Immediately, the Owenite proposition is that the United Kingdom can have the best of EU membership - membership of the internal market - without having to suffer what today's New Europe document is calling the "compulsory and irrevocable alignment of economic and social policies with continental Europe".

This magisterially ignores the exactly converse problem: that outside EMU, Britain will be less able to influence economic and social policies to which it will still be bound by EU membership; or to see enacted the economic and political reform that it rightly wants.

The second and larger question that has been mainly ignored by the New Europe document is whether Britain's global influence will be best enhanced by closer engagement with Europe, or by hankering after an obsolete view of the special relationship with the United States.

The purpose of the "New Europe" movement is to keep public opinion sufficiently hostile to prevent the Prime Minister risking a referendum.
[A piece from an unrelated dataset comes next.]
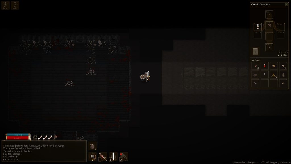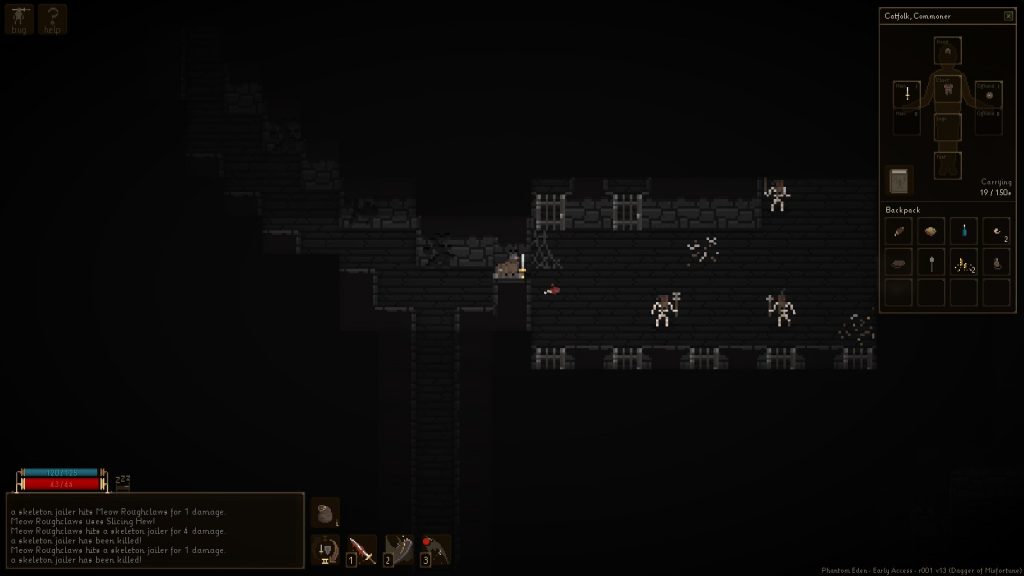 Phantom Eden, from Detocroix Company, takes the traditional roguelike dungeon-delver and swaps around the focus into one of sustenance and interaction, over getting a big sword to hit bigger things to get a bigger sword or die in a stinking pile at around the same depth six times in a row. With extra focus drawn to weapon influenced skills, healing, resting and eating, as well as assembling your own weapons and armour, it’s difficulty comes through enduring the world, rather than conquering it.

However, last week's Mori poll for The Times shows that those "persuadable" in favour of EMU - including some readers of the unremittingly hostile Sun - are growing in number. Now that the Prime Minister has shown he is ready to consider his enormous mandate a greater source of strength than the acquiescence of the Eurosceptic press, and to give a lead, others - as Ken Clarke and Michael Heseltine have shown - will surely follow.

Owen was at his most benign and attractive in his breakfast television interview with Sir David yesterday. It was hard to remember what his new comrade Lord Healey used to say of him - in a term possibly borrowed from Lord Jenkins - that he was like the "Upas tree beneath whose shadow nothing grows".

Lord Owen will fight a good fight, but the probability must be that he will find himself on the wrong side of history once again.